Obviously, Artificial Intelligence and the Semantic Web are two different things, (AI is essentially the creation of a computer which can ‘think’, whereas the Semantic Web is more concerned with allowing a computer to ‘know’), but what they both have in common is the desire to make computers more responsive.

This was our theme for our lecture and lab work this week, the Semantic Web. As mentioned earlier, the idea behind the Semantic Web is to advance to a situation where data is not only machine-readable but machine-understandable. This has been the ambition of Tim Berners-Lee and his World Wide Web Consortium (W3C) for many years now, but the goal is still some way off. The solution lies in the ways in which data is encoded on the web. For a Semantic Web to exist, a far greater depth of metadata needs to be added to data and documents. This would make the process of Information Retrieval far more efficient, because a search engine would no longer have to make good ‘guesses’, because everything would be unambiguously tagged. Consequently, information processing and discovery could become automated.
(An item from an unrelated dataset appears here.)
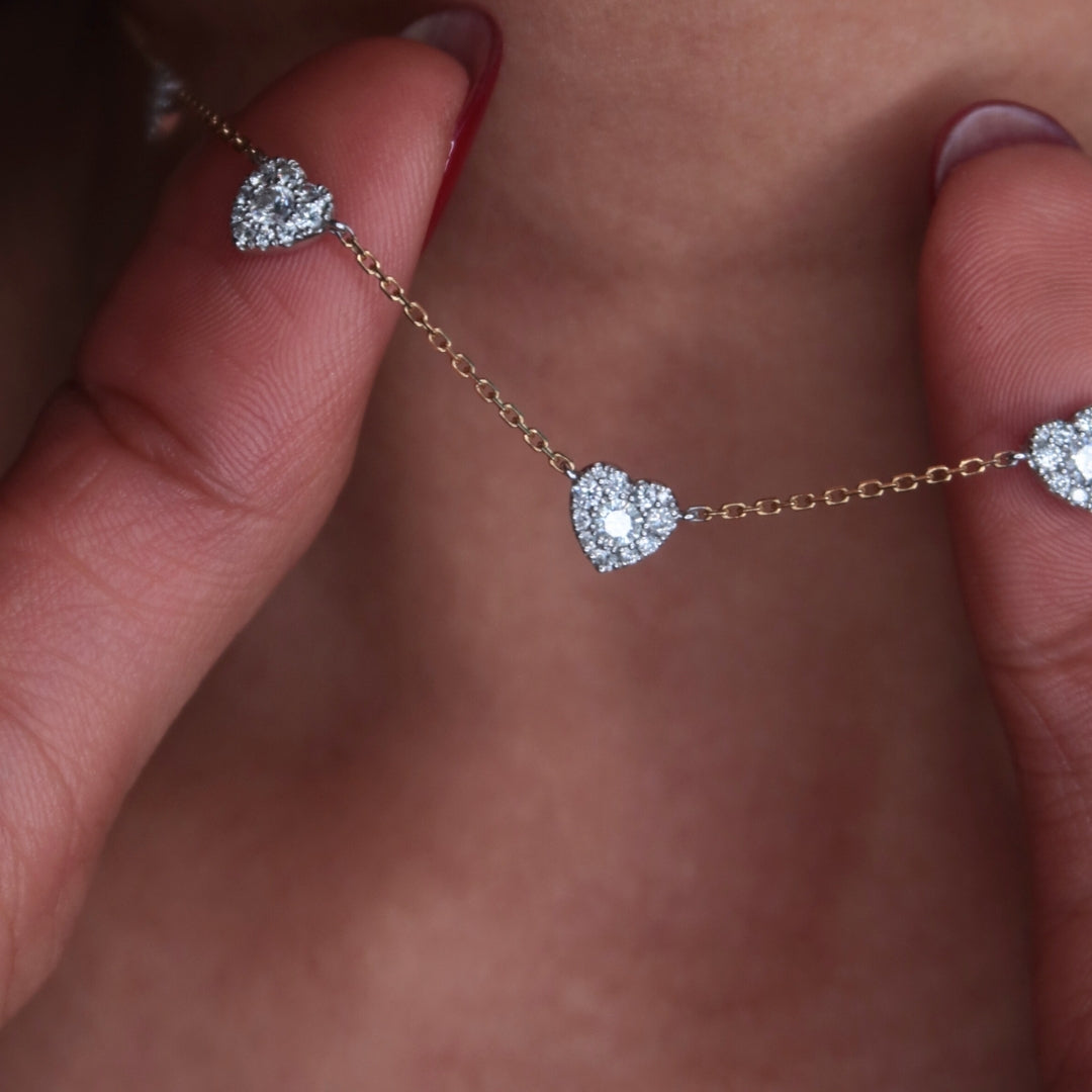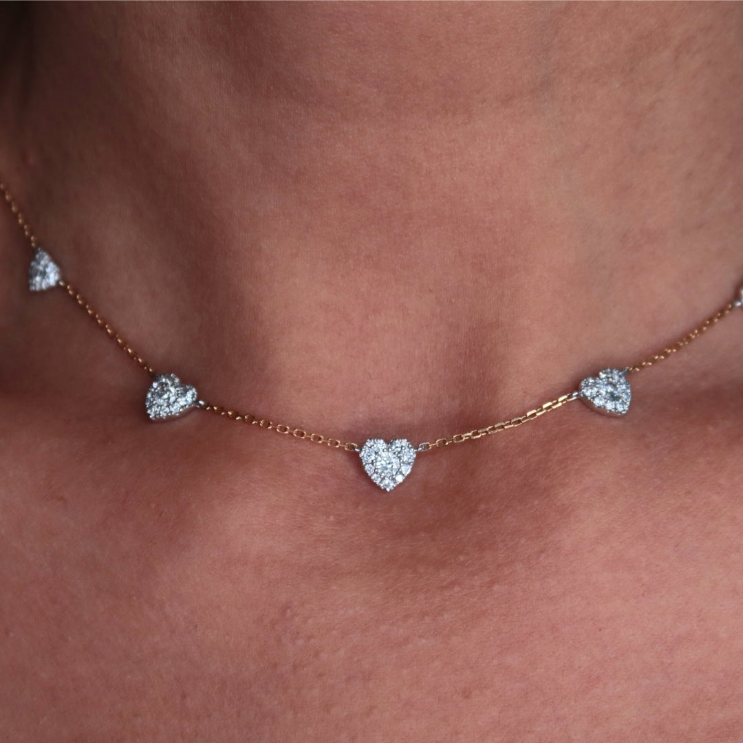 Modern romance. The Five Gradient Heart Diamond Necklace features five heart-shaped diamonds arranged in a graduated design in mix gold, creating a cascading effect with a minimalist appeal. Its versatile style makes it perfect for layering or wearing solo for a subtle statement.

To try to facilitate this, W3c have helped develop a Resource Description Framework (RDF), which aims to give a grammar for how things are described on the web. Taxonomies can be created to identify things, and ontologies to create logical rules for inferences which can be made about them. This helps create a Semantic Web stack, the building blocks of a Semantic Web; the RDF adds metadata to web resources; an RDF Schema is used to create a taxonomy for it; and Web Ontology Language (OWL) creates an ontology to add a greater sense of meaning. The W3C wants everyone who wishes to add this depth of metadata to their resources, to use the same language. Only if a uniform way of doing things is agreed and applied, can a Semantic Web stand a chance of coming about.

This is a massive simplification of what is a very complex topic. The reality is, that only a small proportion of web developers are even considering it as an issue. In the lab we looked at how www.artistsbooksonline.org uses the Text Encoding Initiative (TEI) to mark-up its text. The site is a web repository for art works which adds a great depth of metadata in order to improve the experience for the user.

Each work has related metadata provided under 3 hierarchical headings: Work>Edition(s)>Object(s)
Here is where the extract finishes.